There are good ships and there are wood ships,
The ships that sail the sea, but the best ships are friendships,
and may they always be!
 
We are off sailing for 4 years and I've been looking out for a website and email tag. So thanks for the collection.

I'm going with #15 - Jack Sparrow. Altough I'll be changing the boat name to make it more relevant.

Since I'm changing the boat name (in the quote), do I need to appease Neptune with a ceremony........?
 
Has anybody yet said:

"Call me Ishmael"

Star Trek is full of wonderful quotes...

I would hardly have thought I knew any - I'm no trekkie - but I remember in one of the films, actor Ricardo Montalban, quoting Melville's Captain Ahab:

I'll follow him around the Horn, and around the Norway maelstrom, and around perdition's flames, before I give him up!

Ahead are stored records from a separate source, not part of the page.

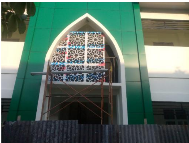
Fasad ACP Masjid Denpasar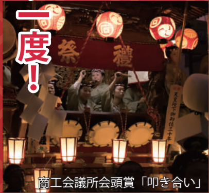
商工会議所会頭賞「叩き合い」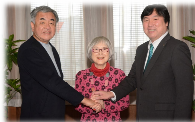
「設計パートナー」決定 令和2（2020）年1月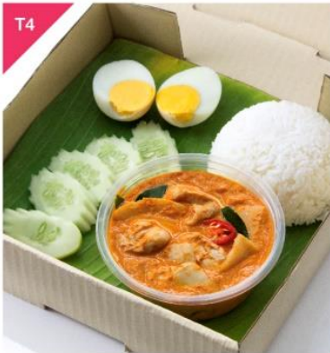
T4 แกงคั่วหน่อไม้ดอง (พริกแกงทำเอง) + ไข่ต้ม + ข้าวสวย Chicken-Bamboo Red Curry with Boiled Egg and Rice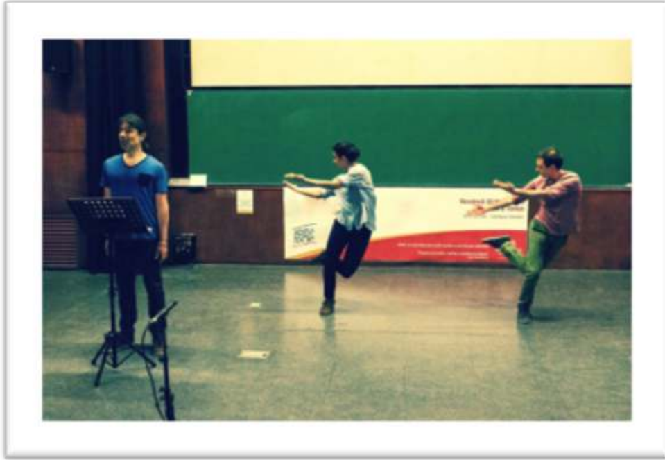
Figure 4 – Accompagnement, performance « ... jeté dans la vie, et parce que vivant » 8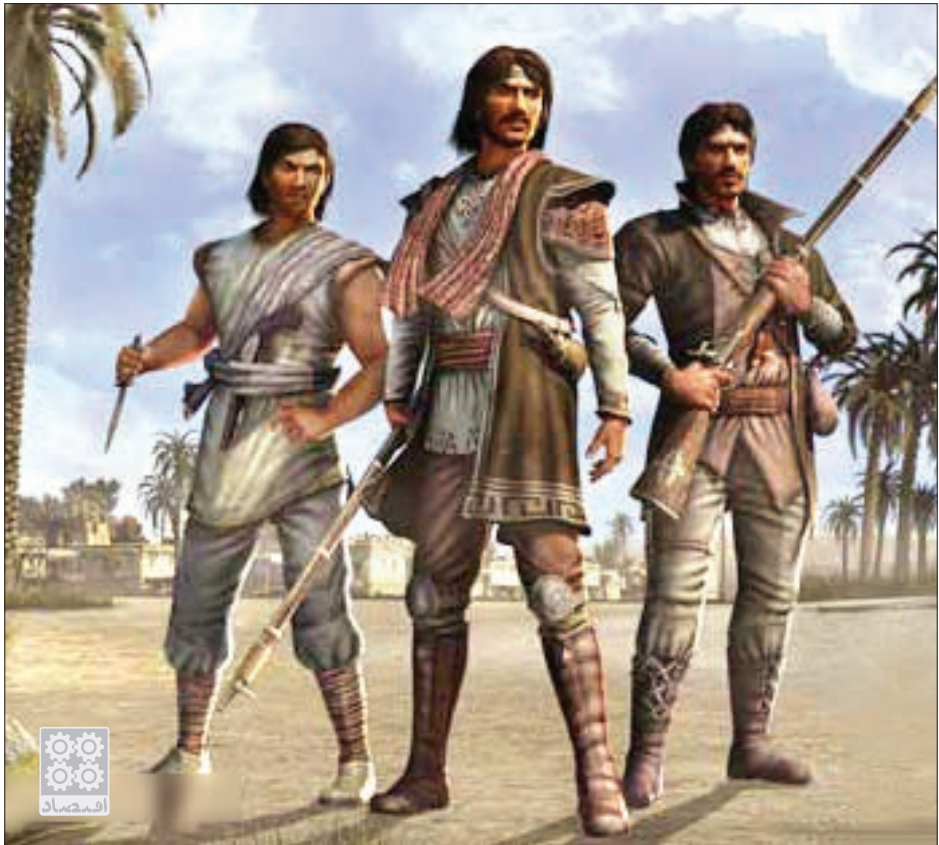
نمایی از بازی ایرانی میرجهنا

کانون حضور ایرانی ها در بازار بازی جهانی نیز از نظر تعداد ایرانی که تاکنون محصولات خود را در بازار جهانی کرده اند، بیش از ۱/۲ میلیون دلار درآمد از خارج کشور کسب کنند. چند روز دیگر - ۱۰ آبان - نمایشگاه تجاری گیم کانکشن فرانسه آغاز به کار خواهد کرد و شما می توانید پیگیر اخبار ۱۲ شرکت ایرانی باشید که در دوره نوجوانی، با اعتماد به نفس بالا محصولات خود را در قلب اروپا عرضه می کنند. حتماً حالا به این فکر می کنید که برای ورود به این صنعت جذاب، آینده دار و پرسود چه باید کرد؟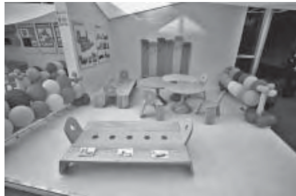
Slika 12. Natječaj za dječje vrtiće: prvonagrađeni rad autora Nevena i Sanje Kovačić, u izvedbi tvrtke Ferenčić

ještaja za opremanje dječjih vrtića, koji je ove godine prikazan na Ambienti u završnoj fazi. Naime, u sklopu akcije Drvo je prvo Hrvatska gospodarska komora, u suradnji s Hrvatskim šumama, Ministarstvom regionalnog razvoja šumarstva i vodnoga gospodarstva te Hrvatskim društvom dizajnera i, najvažnije – hrvatskom drvnom industrijom, ove je godine postavila izložbu prototipova namještaja i opreme za dječje vrtiće, radove koji su prošle godine pobijedili na javnom natječaju, a ove su godine proizvedeni kao prototipovi (sl. 10, 11. i 12).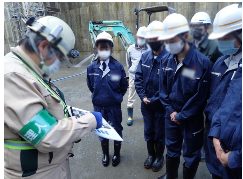
R3.12 高校生現地説明【6名】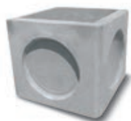
Pozzetto rinf. 80x80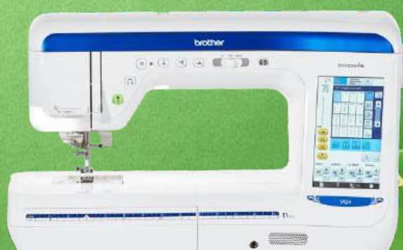
Näh-und Quiltmaschine BROTHER Innov-is VQ 4

473 programmierte Stiche - 285 mm Durchgangsbreite 14 Knopflochvarianten und 5 Schriften - Bis zu 1.050 Stiche/min Extra großer farbiger Touchscreen - Automatisches Einfädeln Verstellbarer Nähfußdruck (elektronisch) - Detailbeleuchtung Automatischer Fadenabschneider - Unabhängige Aufspulautomatik - 3 Jahre Garantie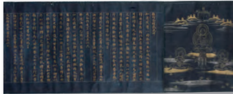
雑阿含経 巻第四十 平安時代後期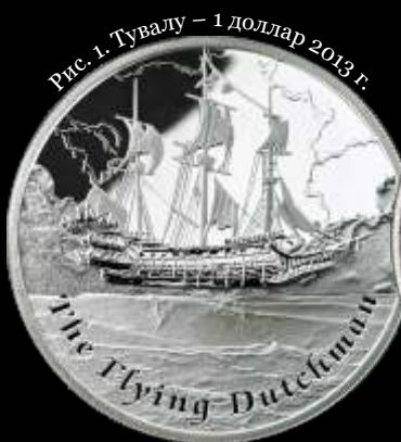
Рис. 1. Тувалу — 1 доллар 2013 г.

В вагнеровской версии «Летучего голландца», ставшей популярной благодаря музыкальному гению композитора, проклятый капитан раз в семь лет имеет право причали-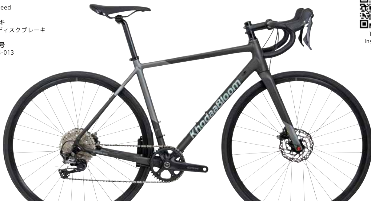
マットラッシュグレー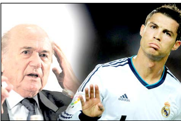
رونالدو يرد على استهزاء بلاتر به

رد البرتغالي كريستيانو رونالدو جناح ريال مدريد الإسباني بعنف على السويسري جوزيف بلاتر رئيس الاتحاد الدولي لكرة القدم الذي وصفه بـ "قائد على أرض الملعب". واستهزأ بلاتر الأسبوع الماضي لدى دعوته أمام مجموعة من طلاب جامعة أوكسفورد كون نجم ريال مدريد ينفق "أكثر" على تصفيف شعره مقارنة مع منافسه نجم برشلونة الأرجنتيني ليونيل ميسي. وقال رونالدو على صفحته الشخصية على فيسبوك: يظهر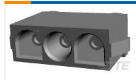
TE 产品编号350760-4 03P UMNL HDR ASSY PC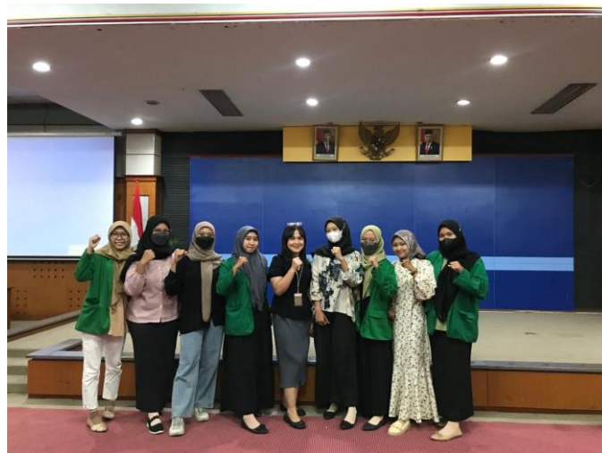
Gambar 4. Pembekalan Relawan Pajak oleh KPP Pratama Sidoarjo Barat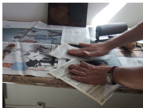
Figura 4 (Izq) Entintado de la plancha. Figura 5 (Dcha) Limpieza de la plancha

La estampación deberá realizarse con un tórculo sobreponiendo goma espuma entre los cilindros y las mantillas para evitar mellas en el papel y marcas en los cilindros. Los efectos de entintado y la manipulación en el proceso de estampación proporcionarán multitud de resultados que facilitarán el desarrollo del pensamiento y el entendimiento. Es posible la estampación a color utilizando los diferentes recursos de la estampación policroma tradicional como la estampación en hueco a la poupée, la estampación simultánea en hueco y en relieve, la estampación policroma sucesiva con una sola plancha (método Lasansky), la estampación con plancha puzzle (método Munch-Derain), la realización de pochoirs con plexiglás o estarcidos con acetatos finos, la estampación con una, dos o más planchas por sobreimpresión, pero quizás, por su dificultad y por tratarse de un primer acercamiento a las técnicas de grabado y estampación, se aconseja que en estos niveles se practique la estampación monocromática e incluso la estampación en seco valorando los resultados del gofrado.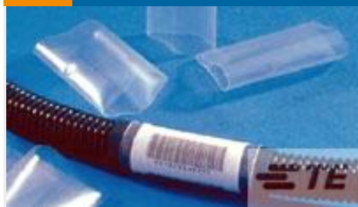
TE 产品编号6209416001 TMS-CCUV-SLEEVE-4-X-65MM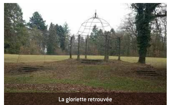
La gloriette retrouvée

Grâce aux agents techniques, la gloriette a retrouvé sa silhouette d'antan dont la structure et les abords étaient envahis par les ronces.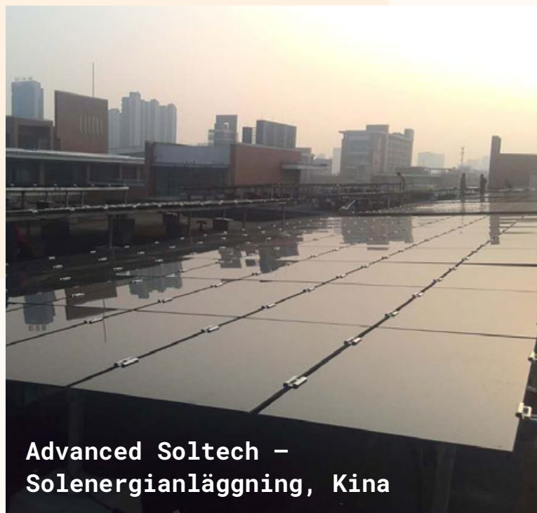
Advanced Soltech – Solenergianläggning, Kina

This is a wonderful, inspiring thread.
 
The wind bloweth where it listeth, and thou hearest the sound thereof, but canst not tell whence it cometh, and whither it goeth.
St John 3:8

“I am told there are people who do not care for maps, and I find it hard to believe.”
Robert Louis Stevenson

“An incorrectly identified mark is a hazard, not an aid, to navigation.” Alton B. Moody

“Even with the best charts, we are cautious about fixing our position, for it is so easy to goof. And the easiest way of all is by taking a mark, assuming it is the right one, and ignoring any others that may be in sight.
Patrick Ellam (who crossed the Atlantic with Colin Mudie in the 20ft Sopranino)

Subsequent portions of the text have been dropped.